You’ve cried for years about getting a seat at the table, but those tears were mostly ignored. Well now there are 400 million reasons why the C-level guys better pay attention.
Does HR at your organization get invited to the table but is forced to sit in the high chair while the “grown-ups” talk real business. Are there clumps of hair at your chair side from days of pulling it out as you struggle to show how HR helps the business? Is HR’s contribution really so transparent?
Well there’s hope yet. In fact, here’s the opportunity not only to get a seat at the table but also to flip it on its side, thanks to findings recently released by the Hackett Group —you know, the guys who measure everything twice. In a study examining the impact of talent management on financial performance—that’s right, straight to the bottom line—Hackett found that top-performing companies in talent management report 15 percent higher EBITDA than their peers in the Fortune 500. That’s a whopping $400 million more in earnings! Think you have the board’s attention now?
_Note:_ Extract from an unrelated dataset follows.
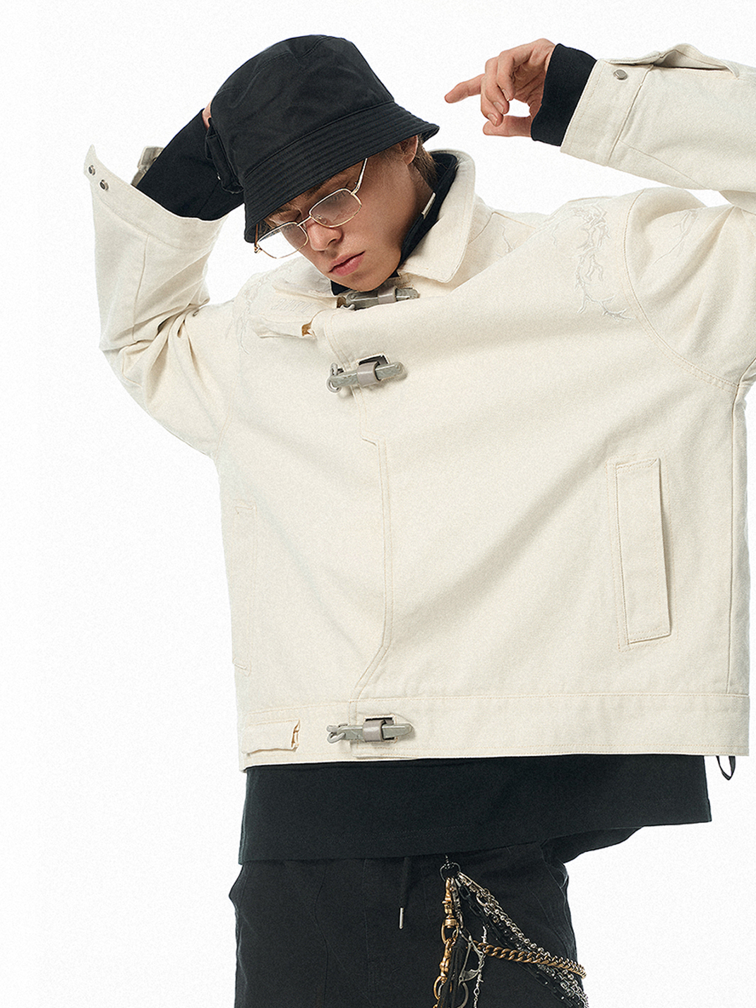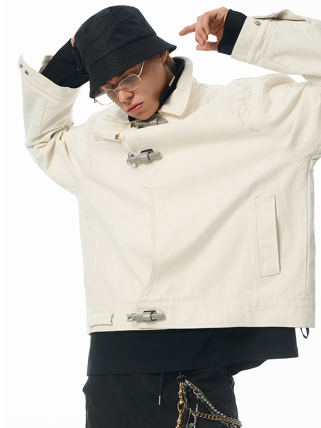 JHYQ | Thorn Embroidered Motorcycle Jacket for Men

I know, I know—bringing this kind of incredible finding to the C-suite may lead to you having to sit in the lunchroom by yourself, but from what Steve Joyce, a senior business advisor at Hackett, tells me, it’s on the level.
Here’s how they came to their conclusions: They first defined talent management effectiveness and efficiency and ranked their database of companies by quartile. Only those in the upper quartile in both categories were considered top performers in talent management (for detailed information on methodology, see our in-depth article on p. 14). Their financial results were then compared with peers, and here’s what they found:
• EBITDA was $400 million higher than other Fortune 500 companies;
• Net profit margin was $247 million higher;
• Return on assets (ROA) was 48 percent higher;
• Return on equity (ROE) was 27 percent higher.
You’re thinking, “This is about as dubious as thefive-minute exerciser advertised on TV.” I can understand the skepticism. I was, too. But there is compelling AND logical evidence behind the numbers. Let me explain.
According to Hackett, the top performers spend 31 percent less on transactional processes such as total rewards administration and payroll and data management. Where those savings go are to strategic areas such as workforce development and workforce planning. HR has always known that recruiting and retaining the top talent make a competitive difference, and now they don’t need to connect the dots for those number-driven CFOs.
For years, we at HRO Today have espoused the need to get strategic through transformational HRO, and now Hackett is backing us up with data. Remember, data wins over the hearts and minds of CFOs, COOs, and even CEOs every time. This is important stuff because not only does it help direct HR to make the wisest spend, but also it elevates its stature from whiny stepchild to cost-savings champion. Here’s your chance to bask in the spotlight—take it while you’re still under it.
There’s only one thing to do with data like this: share it with as many business leaders you can gather in the boardroom, stop in the hallway, or corral in the parking lot. This is the supporting evidence you’ve been wanting for a long time. When the C-suite see the numbers here, not only will you be invited back to the table, you’ll finally be given a grown-up chair as well.